Долгов смеется и качает головой.
– Ну, зачем же? Можно попросить прогнуться посильнее.
«Мудак!»- рвется из меня, но озвучивать не вижу смысла. Он по взгляду понимает, что хочу сказать. Улыбается хищно и все тем же издевательски-вежливым тоном тянет:
– Ну, что мы все обо мне да обо мне, Настюш. Как там твой мальчик?
– Прекрасно, - скалюсь во все тридцать два и елейно добавляю. – Прогибаться не просит, подходит мне по росту, да и по возрасту, знаешь ли.
«Паскуда!» - читаю в его горящем, плотоядном взгляде.
«Наслаждайся, любимый!»
– И где же твой герой? Почему одна? – продолжает он допрос.
– Не твое собачье дело! – чеканю чуть ли не по слогам и разворачиваюсь, чтобы уйти, но он перехватывает меня за руку и дергает на себя.
Замираю в нескольких миллиметрах. Дыхание обрывается, а голова идет кругом от этой близости и аромата его парфюма.
– Не хами, Настюш, - ласково предупреждает он, обжигая мои губы смесью мяты, сигарет и алкоголя. Я же начинаю дрожать, хоть и стараюсь не подавать вида.
– А то что? – шепотом бросаю вызов. Он скалится и также тихо, проникновенно шепчет:
– А то вы*бу в туалете, и сразу базар научишься фильтровать.
Наверное, в это мгновение я напоминала дуру: застыв с возмущенно открытым ртом, хлопала ресницами, не в силах подобрать слов.
– «Переводчицу» свою воспитывать будешь, а ко мне не смей даже прикасаться!

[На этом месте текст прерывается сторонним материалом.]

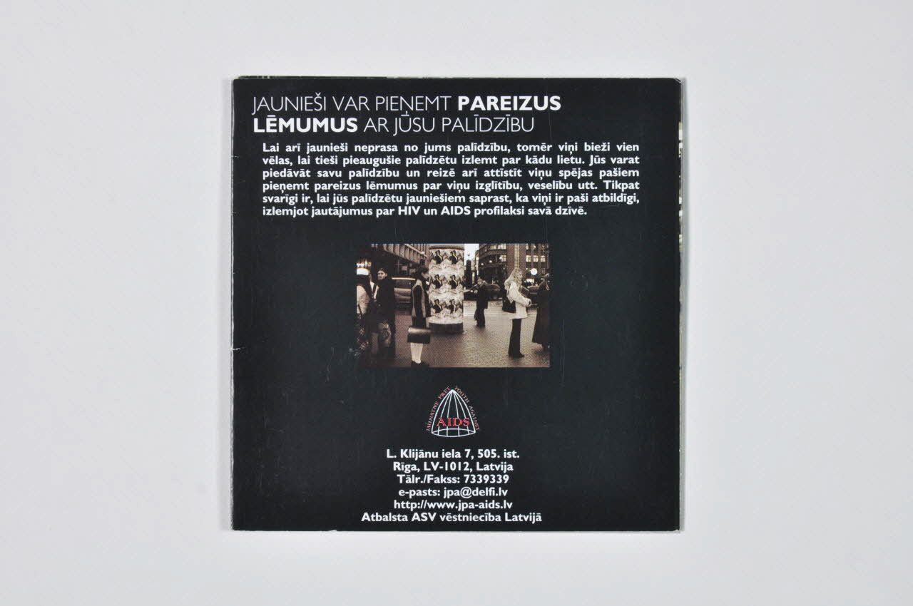 RUNAJOT AR // JAUNIESIEM PAR HIV/AIDS // // VISLIBAKAIS IEROCIS CINA // PRET AIDS IR IZGLITIBA // // PADOM, KA UZSAKT SARUNU // // JAUNIESI VAR PIENEMT PAREIZUS // LEMUMUS AR JUSU PALIDZIBU // // // HIV/AIDS, UN AR TO SAISTITAS TEMAS (Au dessus des textes.), à l'intérieurLogo, adresse, nom d'association
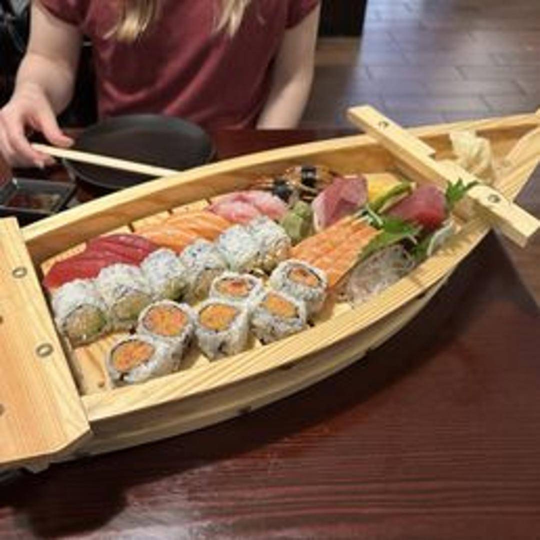 A chef's selection of assorted fresh nigiri sushi and maki rolls, beautifully arranged on a decorative boat. Includes a variety of fish such as tuna, salmon, yellowtail, and white fish, along with classic maki rolls. Perfect for sharing or a satisfying individual meal. Served with ginger, wasabi, and soy sauce.

Меня от тебя тошнит! – придя в себя, цежу ему с отвращением прямо в лицо и вырываю руку из крепкого захвата.
Долгов бледнеет от гнева, мощное тело напряжённо застывает, чувственные губы сжимаются в тонкую линию, отчего челюсть кажется ещё более волевой, тяжёлой, ноздри раздуваются. От него веет дикой, звериной силой, опасностью и сексом. В этот момент он особенно красив: эдакий породистый жеребец на низком старте. Все-таки ему надо ещё детей. Такой генофонд должен быть воспроизведён по полной программе.